The researchers think achieving versatile real-world agents requires models that integrate both fluid natural language abilities and precise programming language control. Humans combine plain speech for higher-level goals with languages like Python when we need to plan intricately and execute exactly. AI needs both capacities too.
But most existing models specialize in pure language or pure code. There's a separation that is limiting.
The team created Lemur by pretraining the open-source Llama-2 on a massive mixed corpus with 10x more natural language than code. This improved its programming abilities while retaining conversational strength. Further instruction tuning optimized Lemur-Chat for following free-form directions in language.
Experiments found Lemur surpassed specialized coding-only models like Codex in overall benchmarks. Lemur-Chat then exceeded Lemur by 15% after instruction tuning.

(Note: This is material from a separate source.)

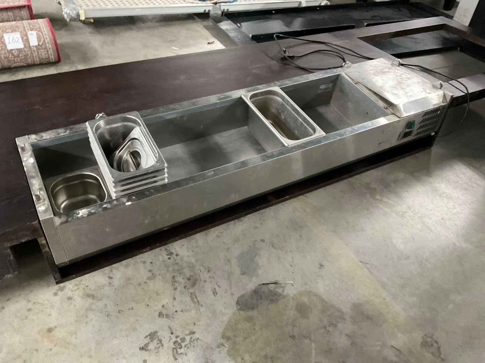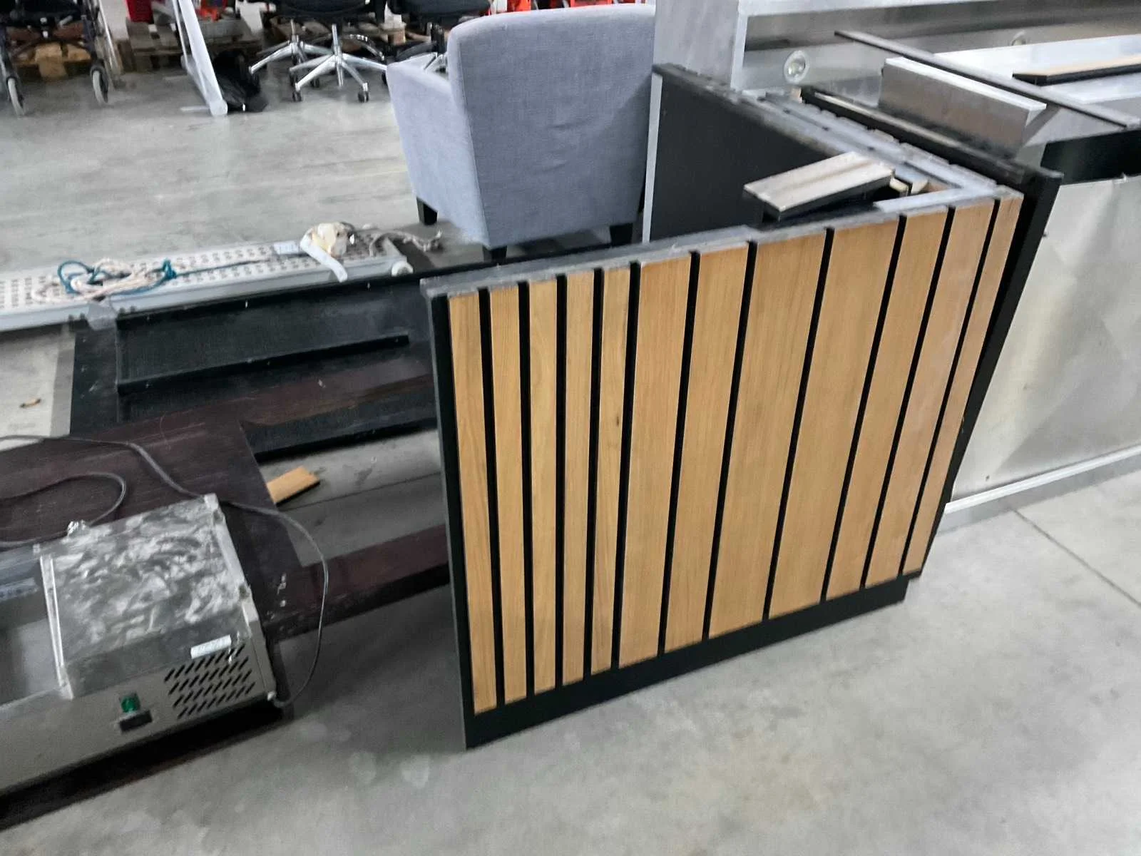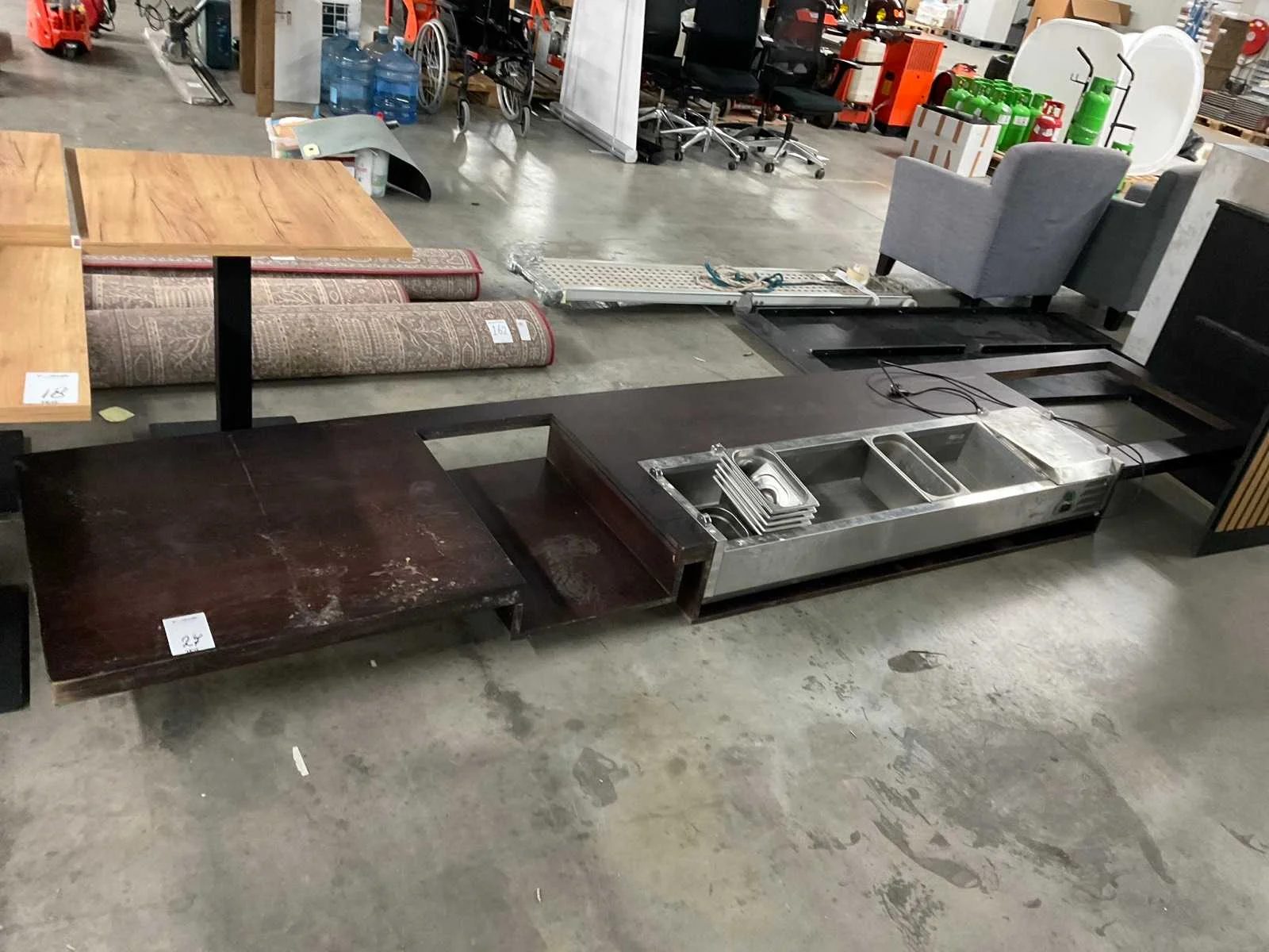 Inclusief: saladette 160cm, meubel is gedemonteerd, compleetheid is onbekend. Totale afmeting L: 4000mm Totale afmeting Breedte: 800mm Hout: true

More importantly, Lemur-Chat won 12/13 new "agent tests" designed to mimic real-world challenges needing both language and programming prowess.
It beat alternatives at:
Using tools like Python and Wikipedia to enhance reasoning
Debugging code by leveraging error messages
Improving the most from natural language feedback
Exploring partially observable environments like cybersecurity and web browsing simulations.
Lemur-Chat matched GPT-3.5 in many tests, closing the gap between commercial and open-source agents.
TLDR: New open-source AI agents combine coding and language skills. Experiments show the combo unlocks more performance across technical challenges.